Beaten unconscious, thrown into fire, and dumped in a drain
By the morning of February 25, the mobs started pelting stones at the building. They left at the intervention of the landlord, whose tenants also included Hindus. However they barged into their lanes again in greater numbers by the evening and began threatening to burn down the homes of Muslims if the menfolk did not step outside.
Getting a glimpse of the mob from her house on the third floor, Mallika hurriedly hid her husband, 34-year-old Musharraf, inside a bed box, buried him under a pile of clothes and locked the box. The mob which barged into her house, broke open the lock, shoved iron rods through the clothes to check. When Musharraf screamed in pain as the rod hit his body, he was dragged out and beaten unconscious in front of his wife and two young children.
“They dragged him out of the house while continuing with the beating. He was then thrown into fire and his body was finally dumped into the open drain,” Mallika recollected at the press conference, breaking down in tears.
Mohammed Wakeel, did not have any eyes to shed tears as he narrated his ordeal. A patch of pinkish skin now covers the area where his eyes were until that ill-fated day last year, when a rampaging mob entered Shiv Vihar.
On seeing the residents flee, Wakeel shuttered his shop on the ground floor and hurried to the terrace where he was spotted by the mob, which hurled acid bottles at his face and torched his shop below.
It was only the next day, on February 26, that he received medical attention at a hospital where he was admitted for one month. He has been blind for a year now, but vivid and graphic visual memories of the violence remain alive in his mind as he narrated the details of the attack.
“A person like Wakeel, in this condition, has been forced to come here before you to narrate his story because he has been denied justice. What you have heard here is the testimony of seven people. There are hundreds of such families,” said Brinda Karat, a politburo member of the CPI(M).
Details of the extent of losses suffered and the complicity of the ruling BJP are elaborated in a report released by the party in November 2020. It is based on interviews with over 400 affected families, eyewitness accounts, police responses to court petitions and news reports.

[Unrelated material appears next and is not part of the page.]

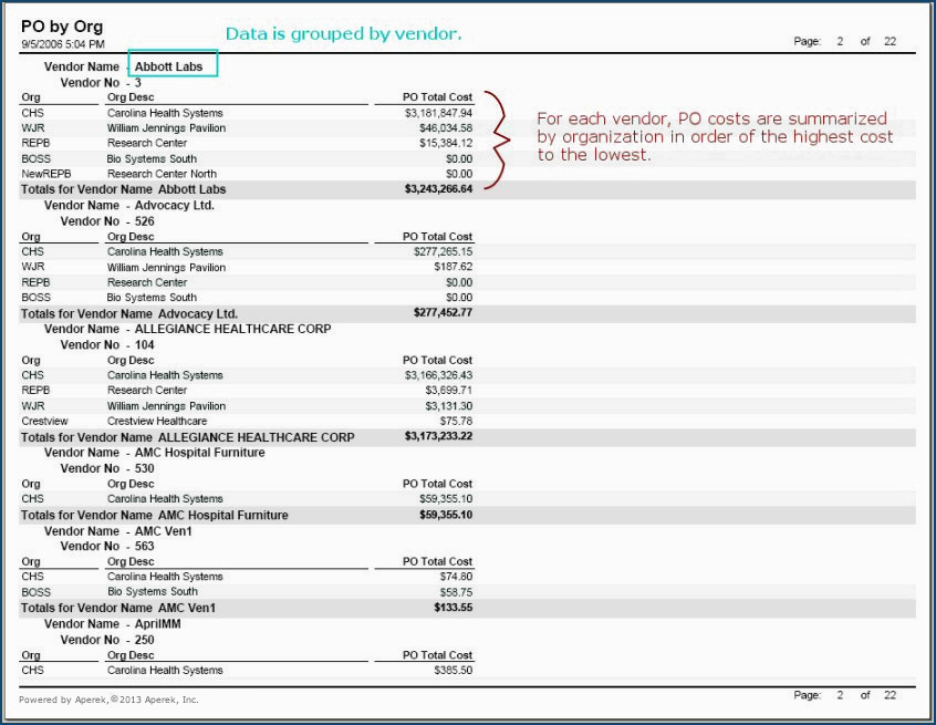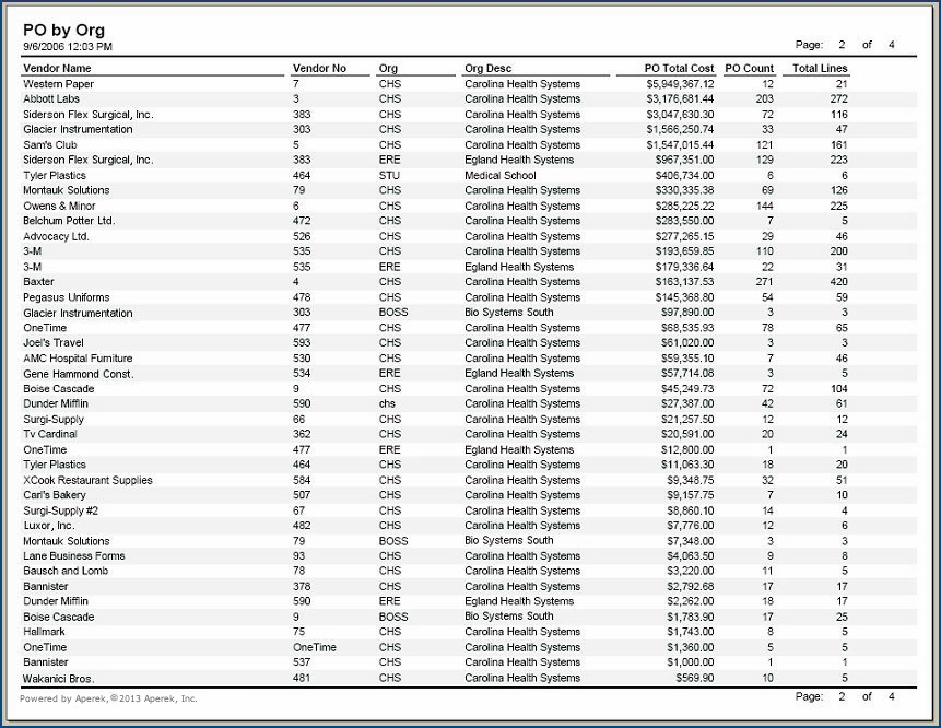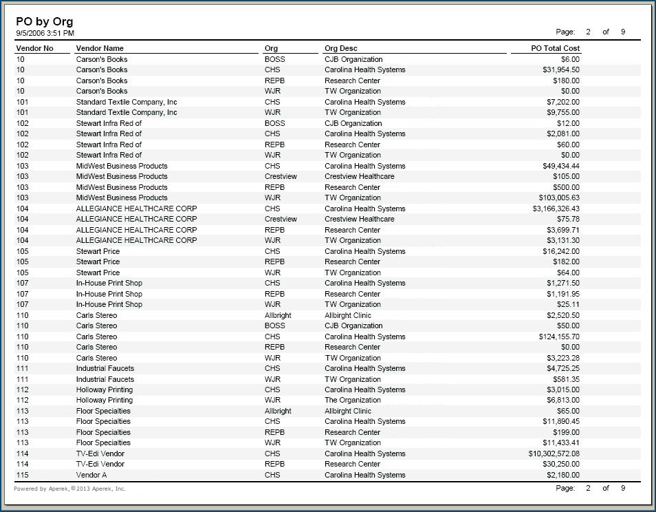 What we really need is a report that provides a summary, for each organization, of PO dollar totals and the number of POs by vendor.

“It is not possible that in the capital of India, the city should burn for five days under the direct self-proclaimed monitoring of the home minister and the home ministry,” Karat argued.
Between February 23 and February 26, a total of 13,200 distress calls were made to the police, most of which went unattended. Despite the many intelligence alerts about the risk of outbreak of violence and the need to increase deployment, on February 23, when 700 distress calls were made, only 1,393 personnel were deployed.
The next day, when 13 people were killed, “the home ministry of India chose to deploy only 6 more police personnel,” she added. It was only on the evening that day that Section 144 (curfew orders) was imposed. However, little effort was made to enforce Section 144 in order to stop the rampaging mobs.
On February 25, when 29 people were killed, the police deployment was raised only to 4,291. This fell way short of what was needed, given that 7,500 distress calls were made that day alone.
Kapil Mishra, whose hate speech initiated the violence, had said in an interview only a day before the press conference that he is proud of what he had done, and would do it again if he had to.
On the other hand, the very women who were attacked in the protest sites are being interrogated, harassed and jailed. The anti-CAA activists who had spearheaded the peaceful protests have been arrested under draconian anti-terror laws.
“There is a deliberate subversion of justice.. to conceal the role of the BJP leaders,” Karat said, reiterating the CPI(M)’s demand for an independent enquiry headed by a retired high court judge with an undisputed record of impartiality.